The cross on the front of the church is the he highest point of the building second only to the copper steeple that juts out from the roof and reaches a height of 150 feet. The steeple, which is another name for a tower, is topped with a conical spire. Both the steeple and spire, take the form of a spear, which to the Christian religion represents strength and power. Ultimately, the idea is that it reaches toward the sky, and thus is a way of connecting all who enter the church with the almighty lord. This characteristic of gothic architecture is a staple of the famous architects Antoni Gaudi (Sagrada Familia) of Barcelona and John Nash (All Souls Church, Langham Palace) of London. Before the use of the steeple and spire, towers were often built separate, on the side of Churches, and allowed the church to be seen from great distances.
The interior of the church is every bit as magnificent as its exterior, and is also very typical of the gothic style. There are rows of seating on either side of the aisle, which is lined with even more layered archways and leads up to the alter. On either side are two large organs and two different religious scenes. One of which depicts the Lord Jesus Christ, suffering in His mother Mary’s arms. Another interesting fact is that the bell from the old church is still used today.

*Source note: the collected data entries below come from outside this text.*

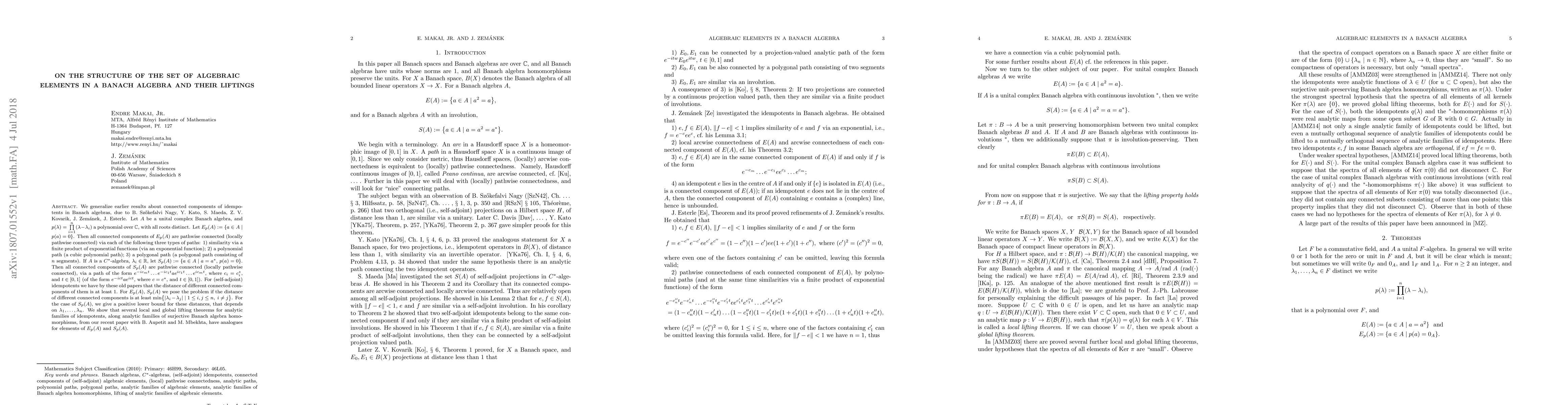 We generalize earlier results about connected components of idempotents in Banach algebras, due to B. Sz\H{o}kefalvi Nagy, Y. Kato, S. Maeda, Z. V. Kovarik, J. Zem\'anek, J. Esterle. Let $A$ be a unital complex Banach algebra, and $p(\lambda) = \prod\limits_{i = 1}^n (\lambda - \lambda_i)$ a polynomial over $\Bbb C$, with all roots distinct. Let $E_p(A) := \{a \in A \mid p(a) = 0\}$. Then all connected components of $E_p(A)$ are pathwise connected (locally pathwise connected) via each of the following three types of paths: 1)~similarity via a finite product of exponential functions (via an exponential function); 2)~a polynomial path (a cubic polynomial path); 3)~a polygonal path (a polygonal path consisting of $n$ segments). If $A$ is a $C^*$-algebra, $\lambda_i \in \Bbb R$, let $S_p(A):= \{a\in A \mid a = a^*$, $p(a) = 0\}$. Then all connected components of $S_p(A)$ are pathwise connected (locally pathwise connected), via a path of the form $e^{-ic_mt}\dots e^{-ic_1t} ae^{ic_1t}\dots e^{ic_mt}$, where $c_i = c_i^*$, and $t \in [0, 1]$ (of the form $e^{-ict} ae^{ict}$, where $c = c^*$, and $t \in [0,1]$). For (self-adjoint) idempotents we have by these old papers that the distance of different connected components of them is at least~$1$. For $E_p(A)$, $S_p(A)$ we pose the problem if the distance of different connected components is at least $\min \bigl\{|\lambda_i - \lambda_j| \mid 1 \leq i,j \leq n, \ i \neq j\bigr\}$. For the case of $S_p(A)$, we give a positive lower bound for these distances, that depends on $\lambda_1, \dots, \lambda_n$. We show that several local and global lifting theorems for analytic families of idempotents, along analytic families of surjective Banach algebra homomorphisms, from our recent paper with B. Aupetit and M. Mbekhta, have analogues for elements of $E_p(A)$ and $S_p(A)$.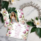 These charming quinceañera photo cards are available in both digital and physical formats, providing flexibility for sharing as you prefer. The physical option offers a refined finish, ideal for handing out in person, while the digital version allows you to send the floral princess crown invitations easily via email or social media without losing any of their charm.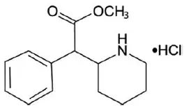 Le chlorhydrate de méthylphénidate est une poudre cristalline sans odor blanche. Ses solutions aqueuses sont acides. Il est librement soluble dans l'eau et dans le méthanol soluble dans l'alcool et légèrement soluble dans le chloroforme et dans l'acétone. Le nom chimique de la chlorhydrate de méthylphénidate est le chlorhydrate DL (racémique) méthyl α-phényl-2-pipéridineacétate. Sa formule moléculaire est C 14 H 19 NON 2 • Le HCL et le poids moléculaire sont de 269,77. Sa formule structurelle est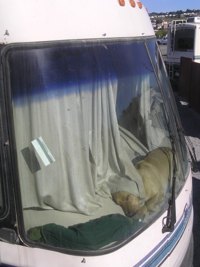 Carey had to work most of the days we were there, but at least he had a nice ocean view from his under-the-bed office. And a view of the neighbor's dog, who liked to cozy up on the sunny dashboard of the rig next door.
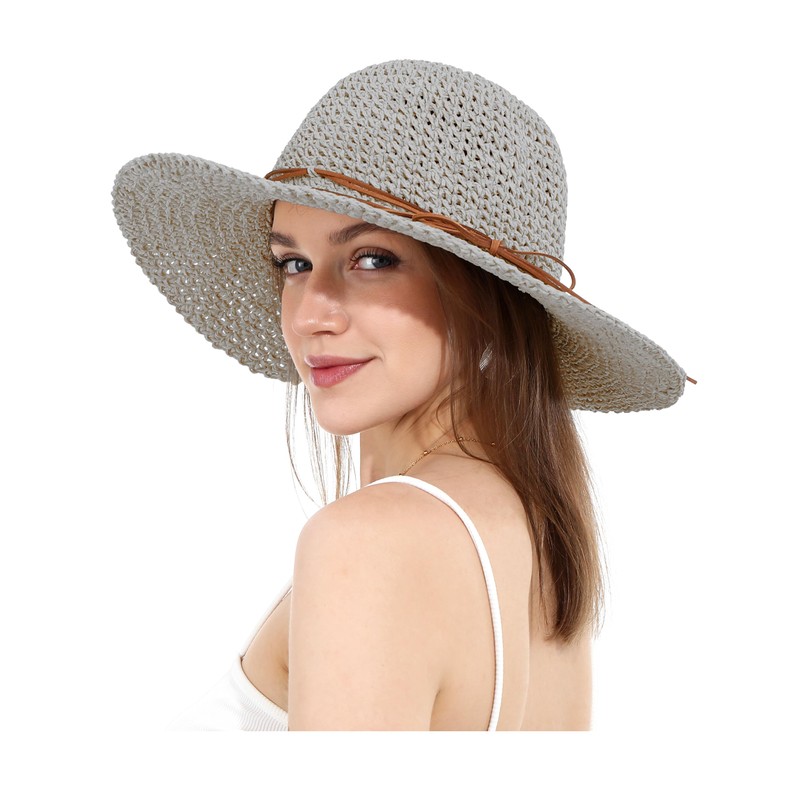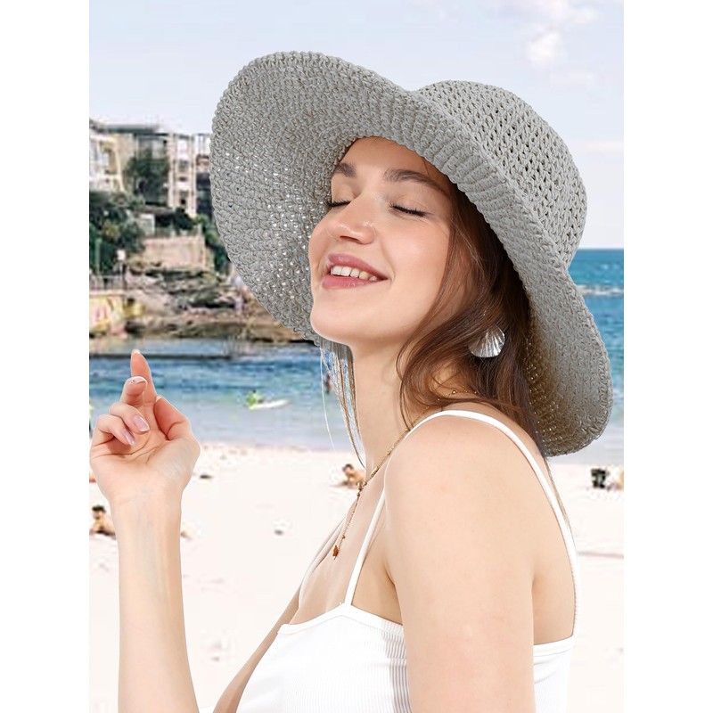 La Carrie Women Sun Hats Floppy Foldable Wide Brim UV UPF 50+ Straw Hat with Bow for Summer Beach(Gray)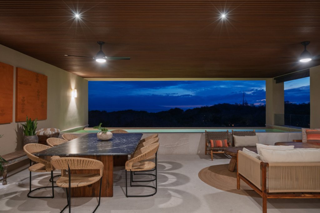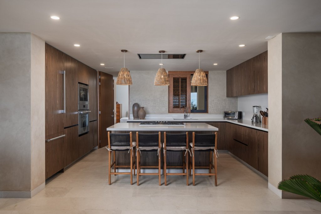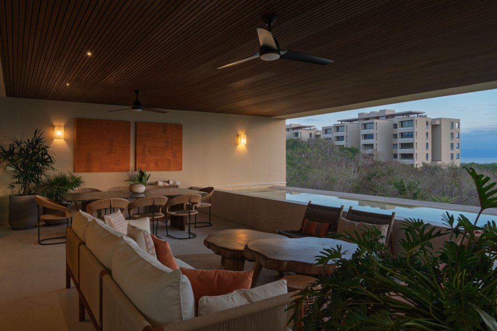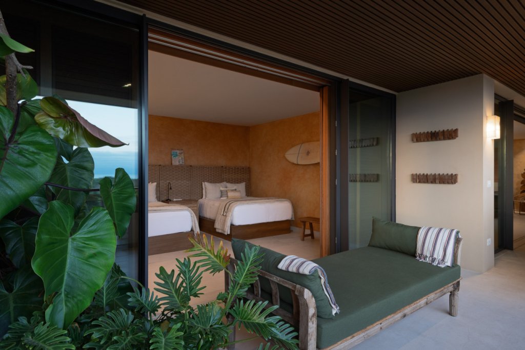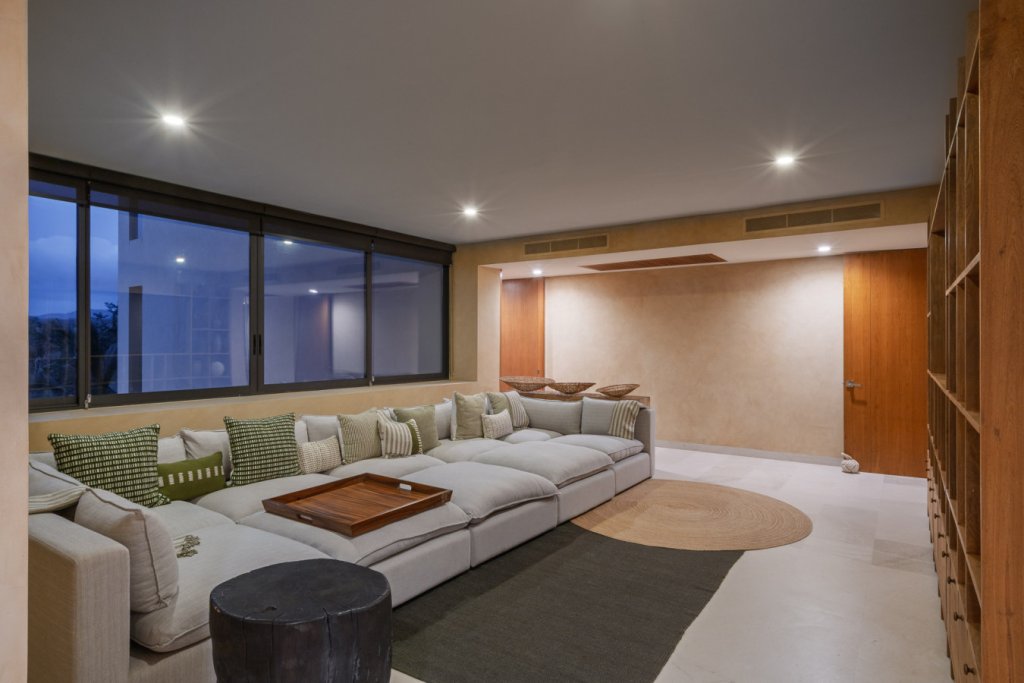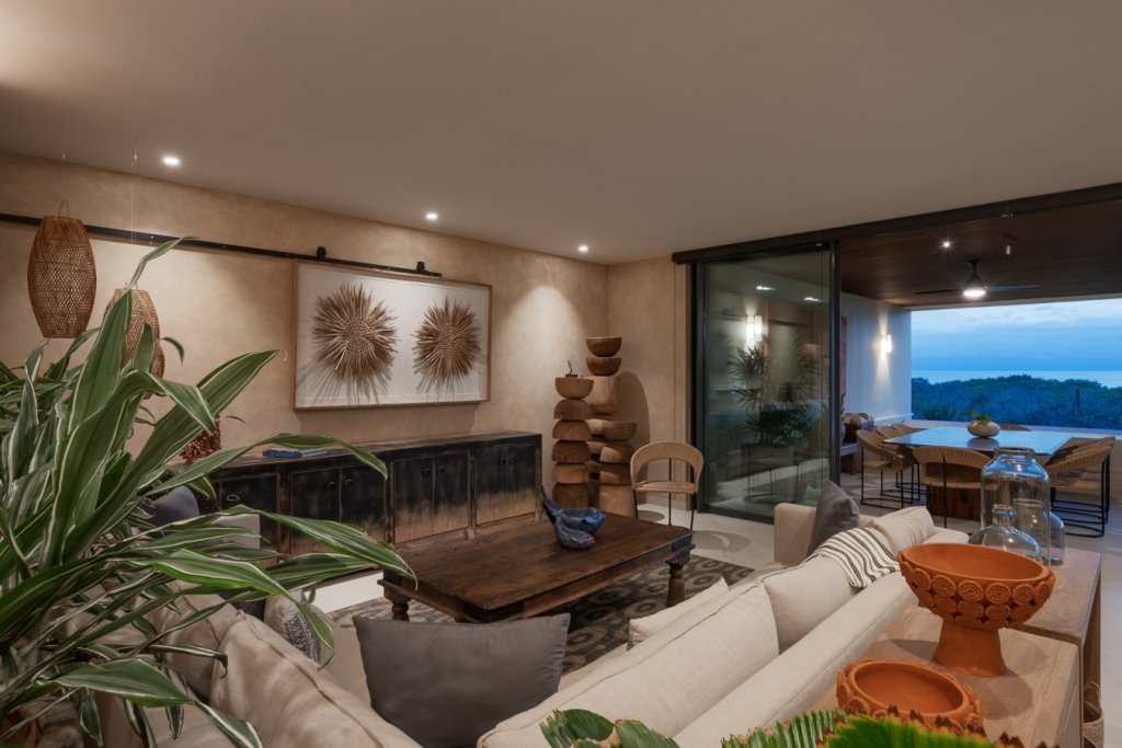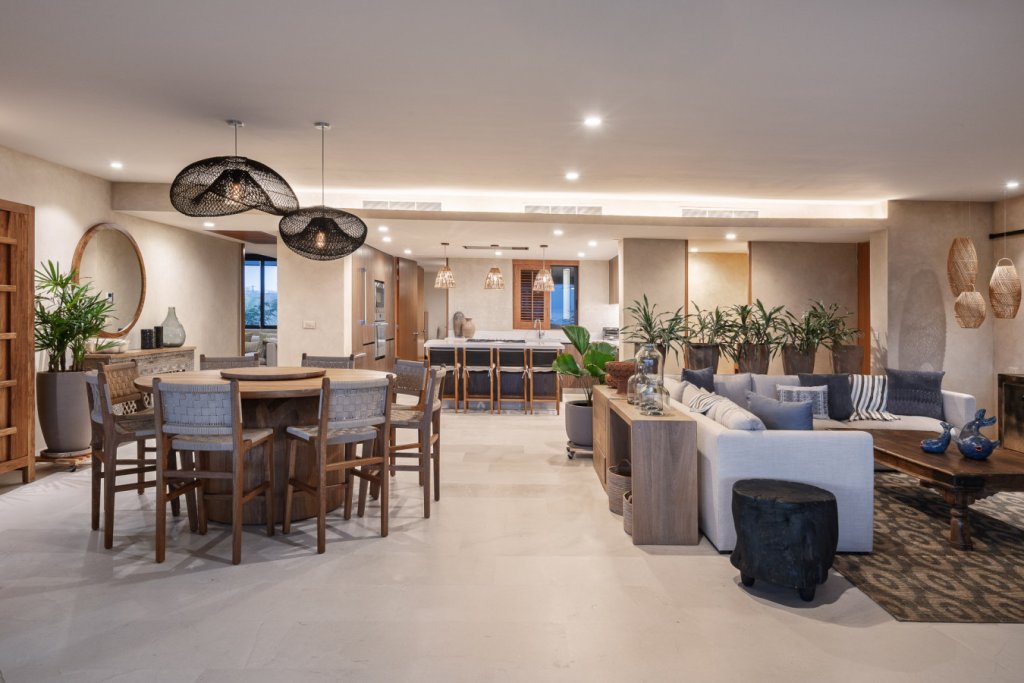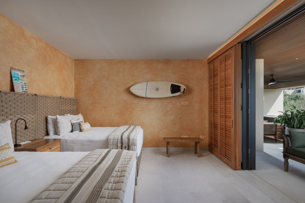 Spacious luxury residence in Surf Residences, Punta Mita, just 120 meters from the beach with ocean and mangrove views. This elegant condo features 4 bedrooms plus staff room, including a master suite with King bed, soaking tub, and double shower. Enjoy a private pool, large terrace with lounge seating, TV room, and fully equipped kitchen. Designed in a modern wabi-sabi style with warm tropical touches, perfect for families and groups seeking comfort and privacy.

Our Lady of Sorrows Church is a “place” that unites a group of people by providing a building that all members can relate to and can identify with. The catholic faith and the services offered by the church unite Puerto Rican immigrants in Parkville. The building itself provides the place in which this bond of unity can occur. As Anthony M. Orum and Xiangming Chen claim in their book, “The World of Cities: Places in Comparative and Historical Persepective,” a place has the power to define a group of people. Our Lady of Sorrows is a perfect example of this theory.

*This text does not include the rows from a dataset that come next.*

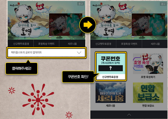 우선 PC버전에서는 쿠폰번호가 공개되어 있기 때문에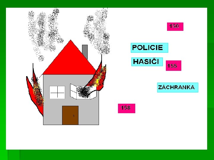 § Vyvození telefonní čísel 150, 155, 158 § na tabuli je nakreslený obrázek hořícího domu, vedle něj jsou magnetem připevněné cedulky „policie“, „záchranka“, „hasiči“, “ 155“, „ 158“ a „ 150“ § úkolem dětí je seřadit logicky kartičky podle toho, které složky záchranného systému jsou na místě potřeba nejdříve a k nim přiřadit telefonní čísla § z toho si mohou vyvodit pomůcku pro zapamatování – nejdříve přijedou hasiči dům uhasit (nejnižší číslo 150), poté je třeba ošetřit zraněné (155) a až na závěr vše vyšetřuje policie (nejvyšší číslo 158)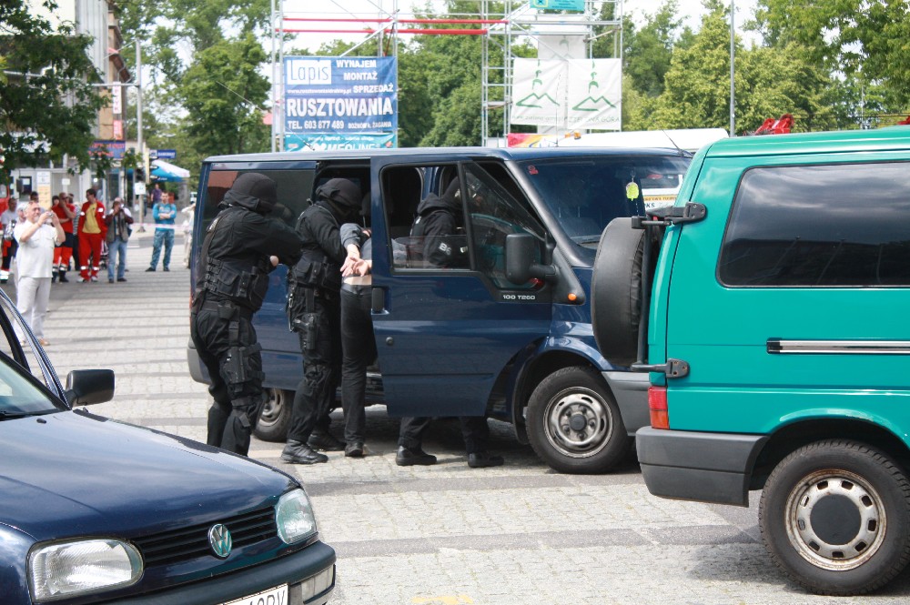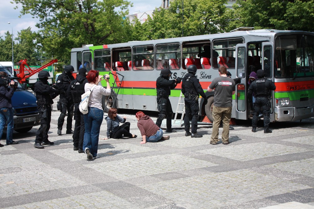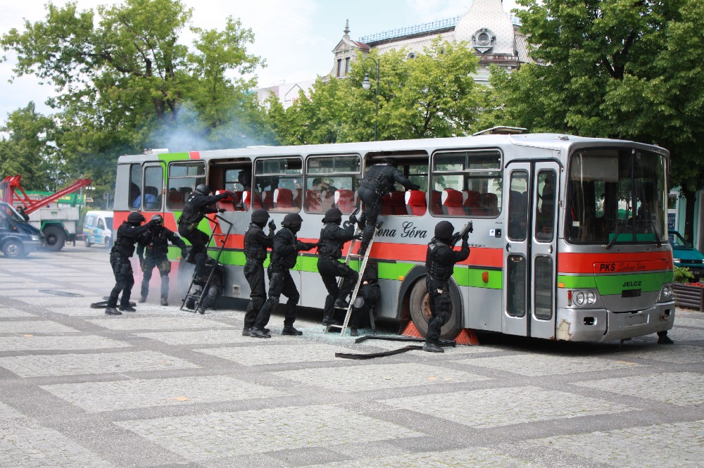W dniu 29 maja 2011 r. o godz. 13.30 na Placu Bohaterów w Zielonej Gorze w ramach "II Zielonogórskich Ćwiczeń Społecznych Służb Ratowniczych" funkcjonariusze Sekcji Wsparcia Działań Operacyjnych Wydziału Techniki Operacyjnej wspólnie z Nieetatową Grupą Realizacyjną Komendy Miejskiej Policji w Zielonej Górze zademonstrowali pokaz dynamiczny o tematyce "Interwencja w środkach komunikacji”. W czasie pokazu przedstawione zostały elementy taktyki, które wykorzystywane są w czasie realizowanych działań. Funkcjonariusze zademonstrowali szturm na autokar w którym osoby szczególnie niebezpieczne posiadające broń palną przetrzymują przypadkowych pasażerów autokaru. Pokaz zakończył się udzielaniem pierwszej pomocy przedmedycznej osobom poszkodowanym.

O.L.S also has a long history and tie to immigrants. The first members of the parish were primarily German, French, and Irish immigrants. Over the years, and predominantly in the last 50, the church has had to adjust to increasing levels of Hispanic immigrants. Today, as Father O’Neal told me in my brief interview, that although there are masses given on both Saturday and Sunday, the most attended mass is the sole service given in Spanish, which is on Sundays in the middle of the day at 12:00pm. During this time, the community of Parkville, which is predominantly Puerto Rican and Catholic, is able to come and listen to the service in their own native language. For immigrants coming from Puerto Rico, where the percentage of Catholic believers was estimated at 80 percent in 1995 (Catholic News Service, 2005), the Catholic denomination of Our Lady of Sorrows was and remains to this day a large attraction for Puerto Rican immigrants. It has played a continuous role for immigrants and the rest of the Parkville community throughout the years up until today.

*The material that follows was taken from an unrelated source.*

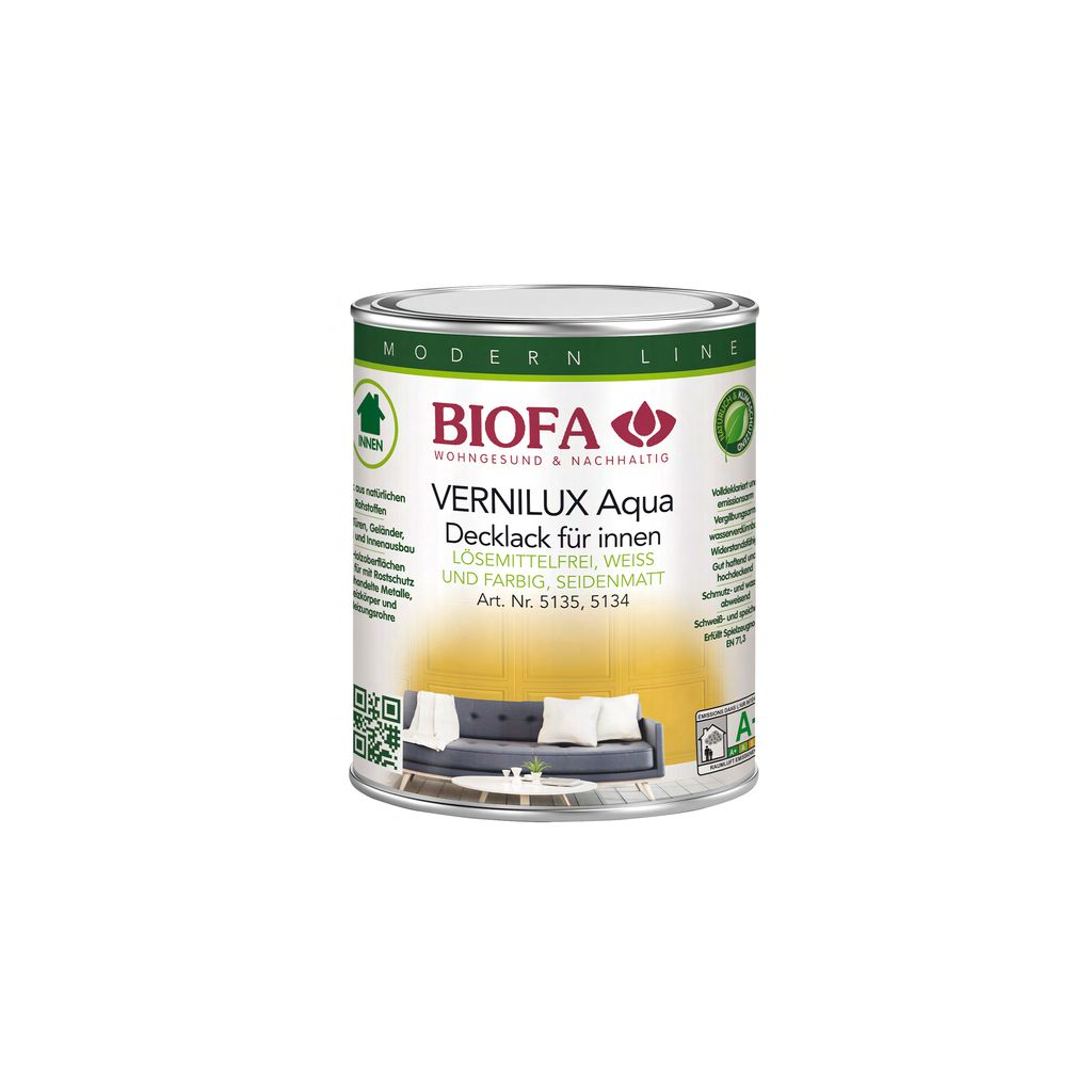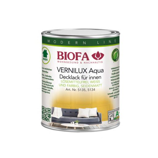 BIOFA VERNILUX Aqua Decklack seidenmatt ist ein auf Wasserbasis hergestellter natürlicher Öllack, lösemittelfrei, seidenglänzend, wasserverdünnbar und für alle Holzoberflächen im Innenbereich wie z. B. Fenster, Türen, Innenausbau, Geländer, Möbelaußenflächen, Kinderspielzeug etc. geeignet. Er hat eine sehr gute Haftung, ein hohes Deckvermögen und ist extrem vergilbungsarm. Wegen der leichten Verarbeitung und der schnellen Trocknung macht das Streichen mit diesem Lack Spaß. Nach einer entsprechenden Vorbehandlung mit Rostschutz eignet sich der widerstandsfähige Naturlack auch für Metalluntergründe, Heizkörper und Heizungsrohre.

Note: For the descriptions of the structure of the building, I used my own experience, and a booklet given to me by Father O’Neal, written by Joe Duffy. For the religious insights, I used several websites.
- Duffy, Joe. Our Lady of Sorrows Centenary – 1887-1987. Published in Hartford in 1987.
- Fraser, Barbara J., “In Latin America, Catholics down, Church’s Credibility Up.” June 23, 2005. Catholic News Service.